Сын Спасского уездного предводителя дворянства Дмитрий Васильевич Дашков получил хорошее домашнее образование, поступил в Московский университетский Благородный пансион и был одним из лучших воспитанников его. Он окончил пансион с отличием и служил по Министерству иностранных дел и юстиции. С 1833 года и почти до смерти был министром юстиции. С ранней юности и до кончины Дашков не переставал принимать живое участие в литературе, вращаясь в кругу писателей, и известен был как отличный знаток французской и позднее немецкой литературы, большой поклонник Вольтера, выдающийся остроумник, знаток иностранных языков и классической литературы.
В 1817 году его причислили к русской миссии в Константинополе, затем назначили вторым советником при русском посольстве в Турции. Во время кровавых греко-турецких столкновений (когда казнили даже патриарха Григория) вмешательство Дашкова спасло от гибели десятки греческих семейств. В это время он усиленно изучал греческий язык, читал Гомера и Платона, совершил путешествие по Греции, пытаясь отыскать в монастырях греческие, латинские и грузинские манускрипты.

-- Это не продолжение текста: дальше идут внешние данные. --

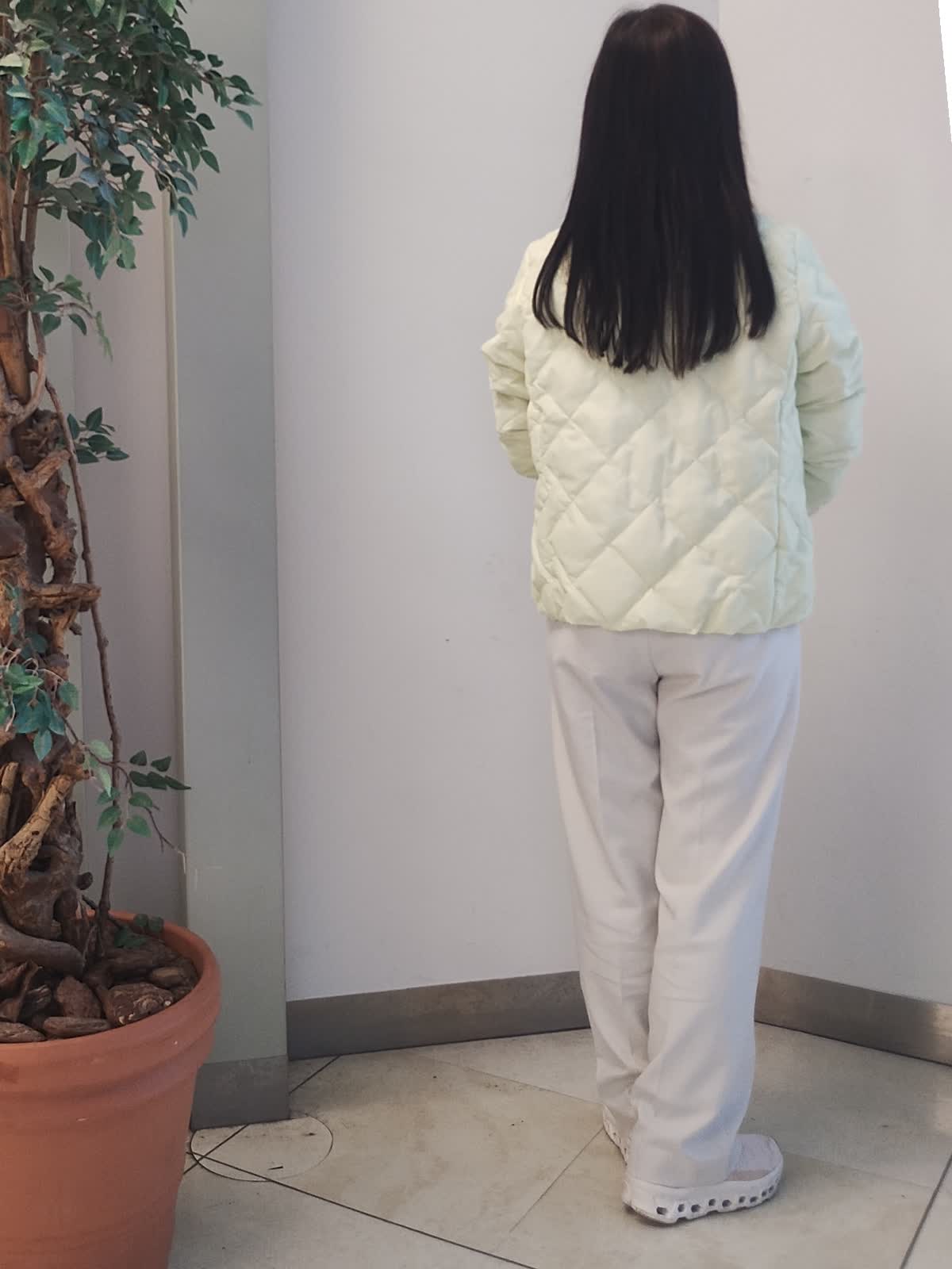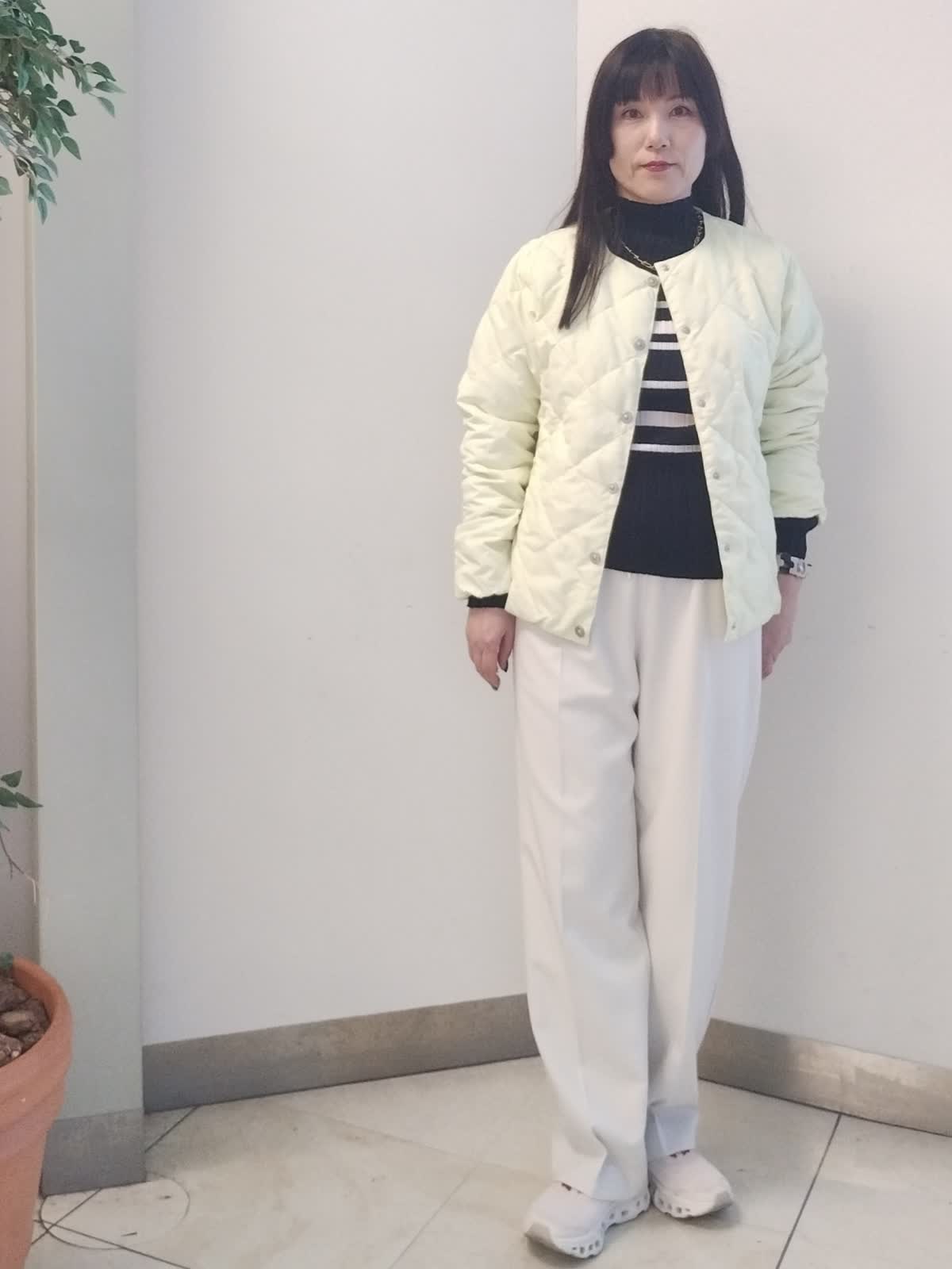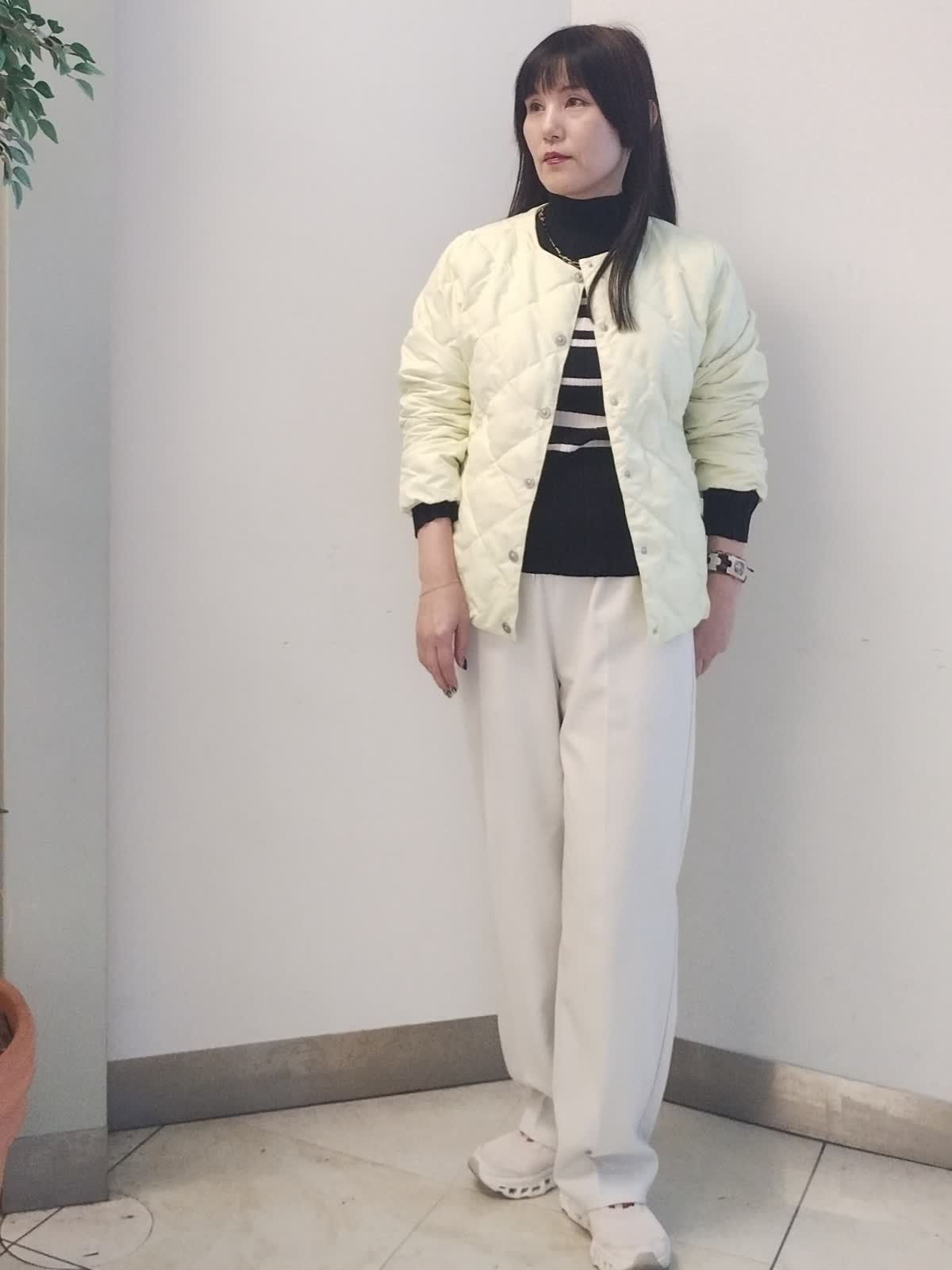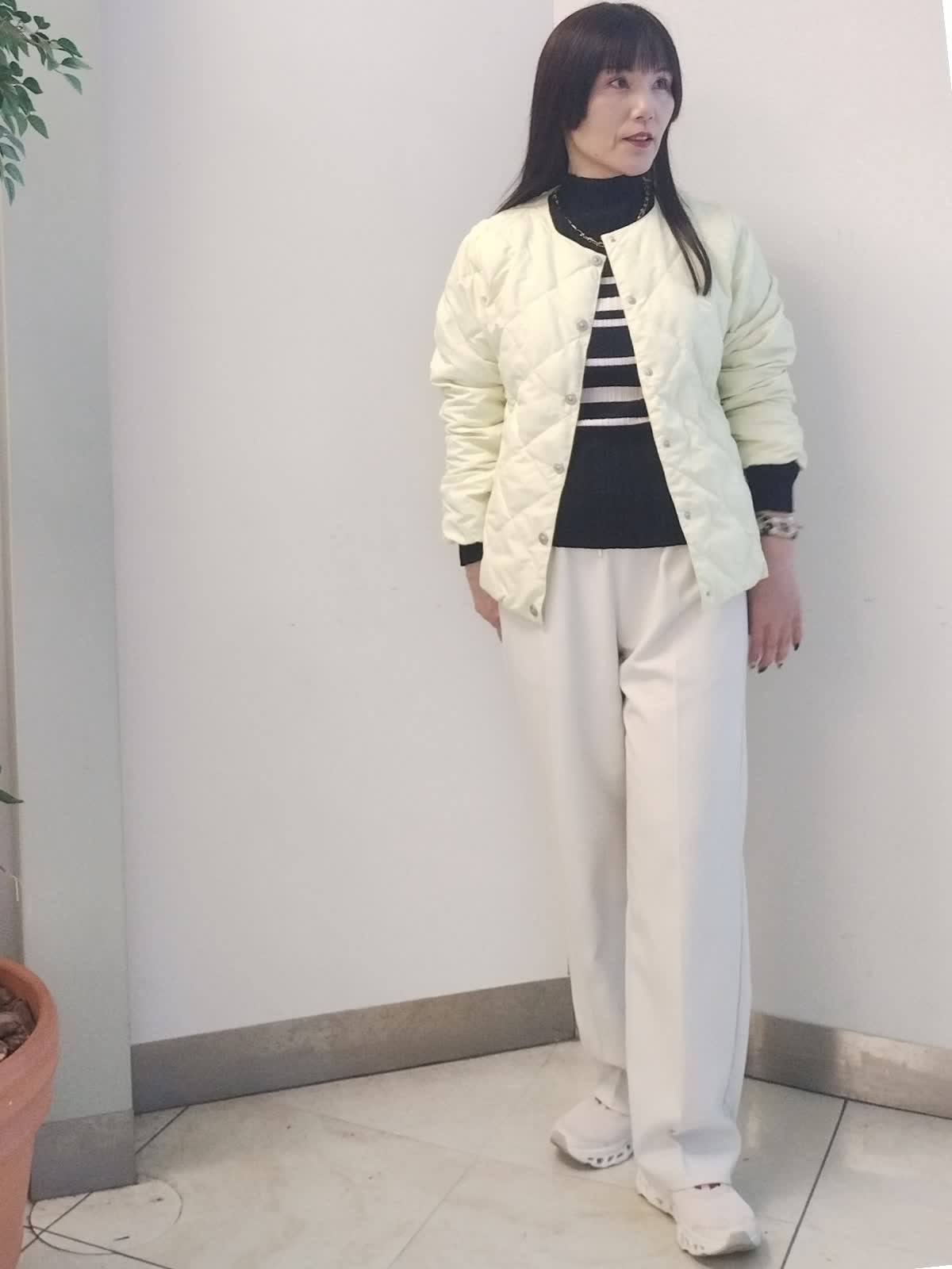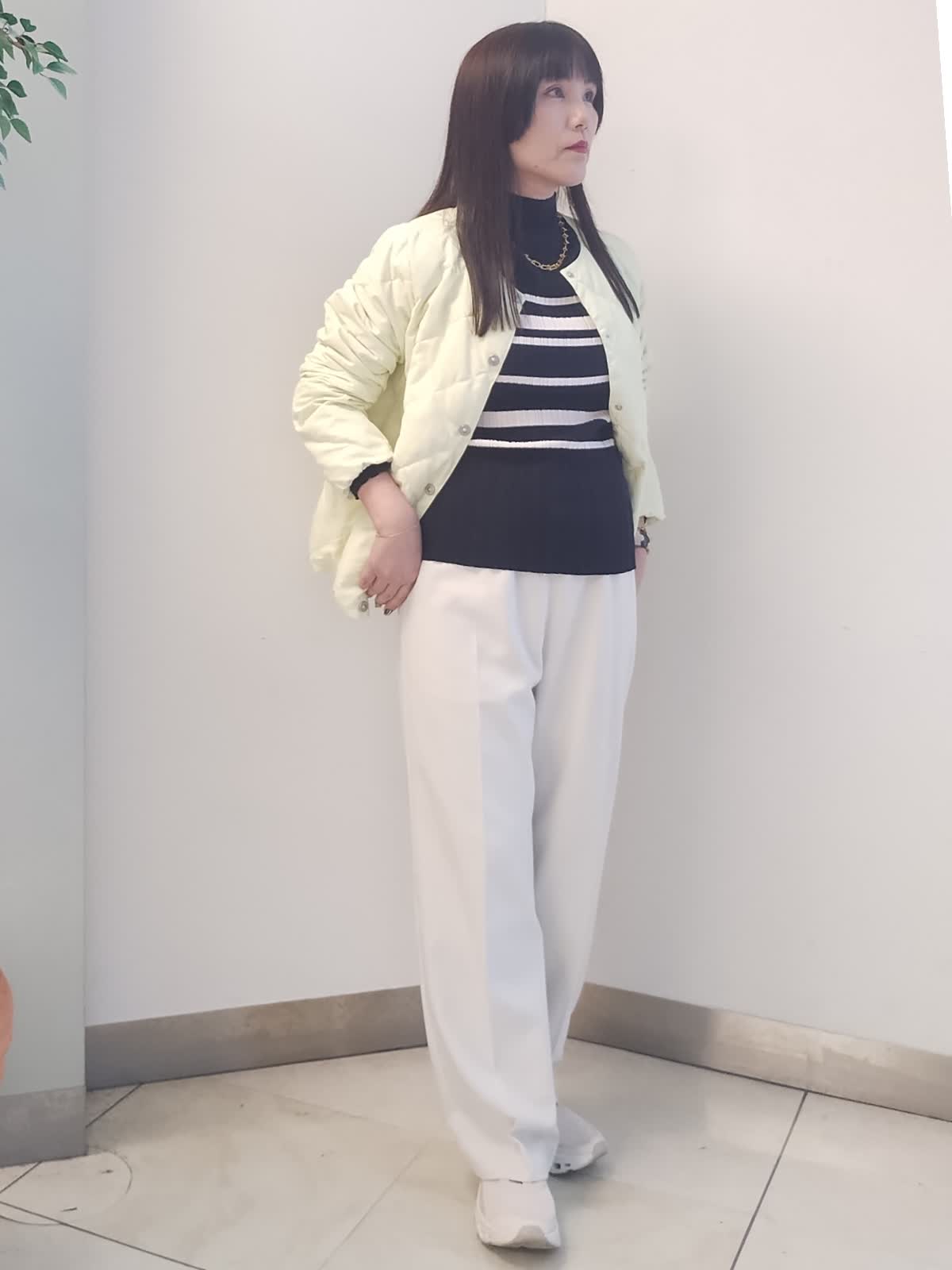 【着用サイズ】ダウン ジャケット イエロー:9号 ニット ボーダー:9号 パンツ オフホワイト:9号 お車での移動の方の軽アウターコーデ。 軽くて持ち運びに便利なダウンジャケットは、太陽光を取り入れ発熱し、生地を温める優れた機能がついており、抜群野保温効果があります。モコモコせずスタイリッシュにコーデが決まります。 こちらのダウンジャケットの上に、薄手のコートをはおると、真冬にもお使いいただけます。

Он дружил с Жуковским, Батюшковым, Карамзиным, Гнедичем, Вяземским и сам был не чужд литературной деятельности, которая началась еще в пансионе и носила по большей части критический и сатирический характер. «Свойство ума Дашкова, — писал Михаил Александрович Дмитриев, — могло служить примером того, что глубокомыслие не противно шутке и веселости. Вопреки мнению людей, судящих по наружности, надобно вообще заметить, что важность, пренебрегающая веселостью и шуткою, бывает всегда признаком односторонности ума, и если не тупости, то, по крайней мере, ума, ограниченного недалекими пределами; а нередко важность есть признак и надутой глупости. Не таков был Дашков. Имея важную наружность от природы, он никогда не важничал, был разговорчив и охотно сообщал замечания светлого ума своего о предметах и важных и легких; но был тверд в своих мнениях: ибо мнения его были плодом зрелого убеждения. Он следил за всеми отраслями наук и литературы; он читал беспрестанно и проникал глубоко в историю народов и в политические происшествия своего времени. Русскую литературу знал во всех подробностях и ни одного произведения ее не оставлял без внимания даже тогда, когда впоследствии занимал важные должности».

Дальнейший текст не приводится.